#### ABOUT THIS TASK
Repeat the data word for word, excluding every picture.
───── MATERIAL PROVIDED ─────
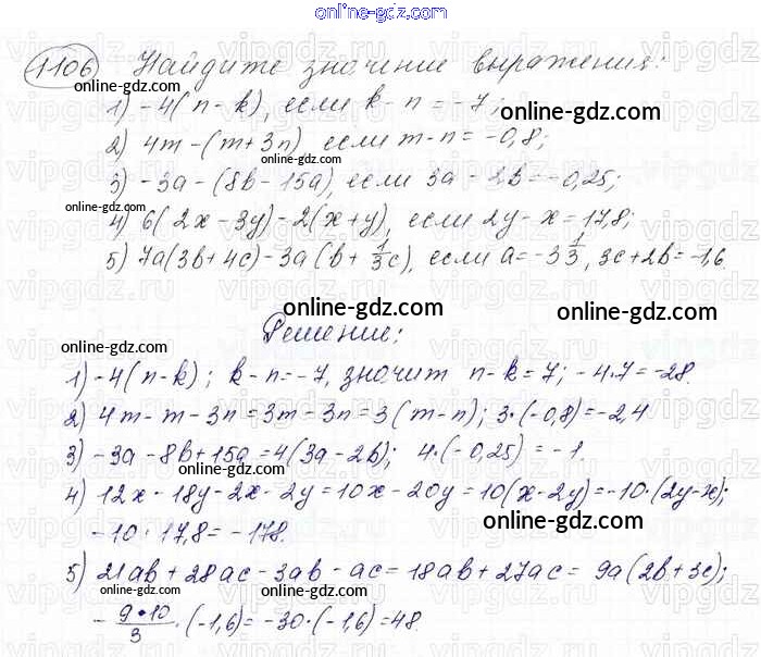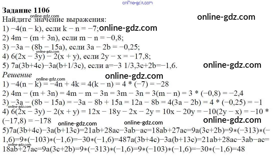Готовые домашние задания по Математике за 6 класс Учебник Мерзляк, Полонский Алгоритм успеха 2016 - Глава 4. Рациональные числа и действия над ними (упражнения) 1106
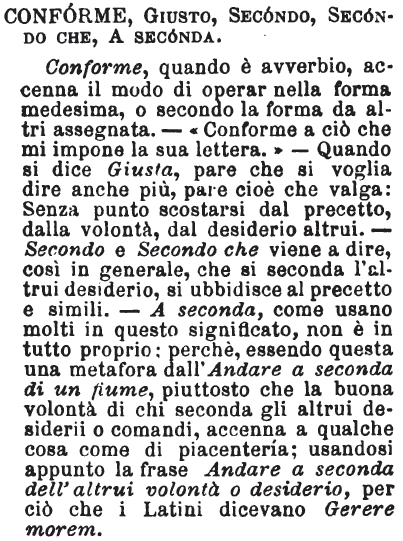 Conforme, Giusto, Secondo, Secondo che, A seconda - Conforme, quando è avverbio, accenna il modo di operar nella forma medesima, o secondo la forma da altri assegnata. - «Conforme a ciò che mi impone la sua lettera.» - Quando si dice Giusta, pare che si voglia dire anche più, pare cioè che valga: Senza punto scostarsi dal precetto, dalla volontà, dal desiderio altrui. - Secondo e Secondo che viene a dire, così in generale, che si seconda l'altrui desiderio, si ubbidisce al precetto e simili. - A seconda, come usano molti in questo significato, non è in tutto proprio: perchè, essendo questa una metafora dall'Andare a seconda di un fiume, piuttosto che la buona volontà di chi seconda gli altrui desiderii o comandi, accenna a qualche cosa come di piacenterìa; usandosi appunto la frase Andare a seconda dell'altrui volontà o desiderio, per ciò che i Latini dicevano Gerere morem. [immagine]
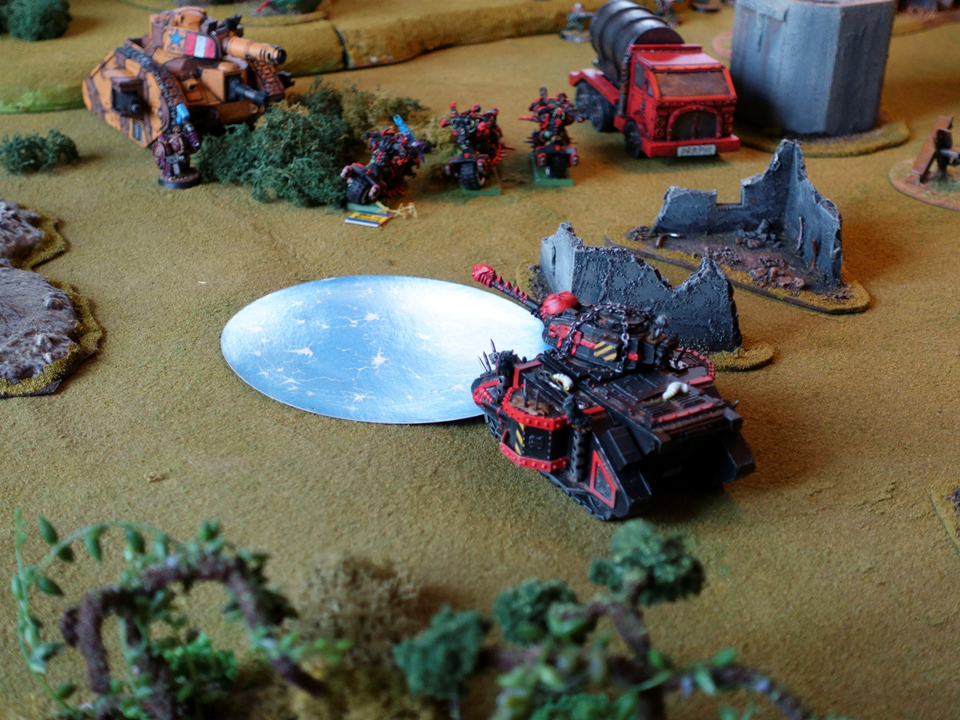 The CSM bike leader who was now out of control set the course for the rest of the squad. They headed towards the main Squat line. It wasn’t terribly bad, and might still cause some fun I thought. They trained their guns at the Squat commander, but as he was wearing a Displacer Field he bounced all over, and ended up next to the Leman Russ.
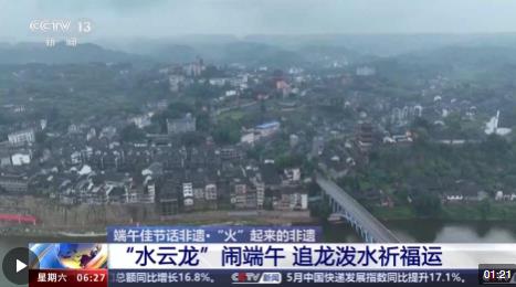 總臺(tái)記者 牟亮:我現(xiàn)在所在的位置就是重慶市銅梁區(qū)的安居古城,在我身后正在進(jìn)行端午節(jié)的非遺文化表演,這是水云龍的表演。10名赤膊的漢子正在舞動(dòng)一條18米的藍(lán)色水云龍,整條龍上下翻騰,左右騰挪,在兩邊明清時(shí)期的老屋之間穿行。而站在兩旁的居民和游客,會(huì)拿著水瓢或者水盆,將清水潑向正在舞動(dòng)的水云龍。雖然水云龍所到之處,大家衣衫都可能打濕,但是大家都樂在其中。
─────
#### EXPECTED ANSWER
Готовые домашние задания по Математике за 6 класс Учебник Мерзляк, Полонский Алгоритм успеха 2016 - Глава 4. Рациональные числа и действия над ними (упражнения) 1106
 Conforme, Giusto, Secondo, Secondo che, A seconda - Conforme, quando è avverbio, accenna il modo di operar nella forma medesima, o secondo la forma da altri assegnata. - «Conforme a ciò che mi impone la sua lettera.» - Quando si dice Giusta, pare che si voglia dire anche più, pare cioè che valga: Senza punto scostarsi dal precetto, dalla volontà, dal desiderio altrui. - Secondo e Secondo che viene a dire, così in generale, che si seconda l'altrui desiderio, si ubbidisce al precetto e simili. - A seconda, come usano molti in questo significato, non è in tutto proprio: perchè, essendo questa una metafora dall'Andare a seconda di un fiume, piuttosto che la buona volontà di chi seconda gli altrui desiderii o comandi, accenna a qualche cosa come di piacenterìa; usandosi appunto la frase Andare a seconda dell'altrui volontà o desiderio, per ciò che i Latini dicevano Gerere morem. [immagine]
 The CSM bike leader who was now out of control set the course for the rest of the squad. They headed towards the main Squat line. It wasn’t terribly bad, and might still cause some fun I thought. They trained their guns at the Squat commander, but as he was wearing a Displacer Field he bounced all over, and ended up next to the Leman Russ.
 總臺(tái)記者 牟亮:我現(xiàn)在所在的位置就是重慶市銅梁區(qū)的安居古城,在我身后正在進(jìn)行端午節(jié)的非遺文化表演,這是水云龍的表演。10名赤膊的漢子正在舞動(dòng)一條18米的藍(lán)色水云龍,整條龍上下翻騰,左右騰挪,在兩邊明清時(shí)期的老屋之間穿行。而站在兩旁的居民和游客,會(huì)拿著水瓢或者水盆,將清水潑向正在舞動(dòng)的水云龍。雖然水云龍所到之處,大家衣衫都可能打濕,但是大家都樂在其中。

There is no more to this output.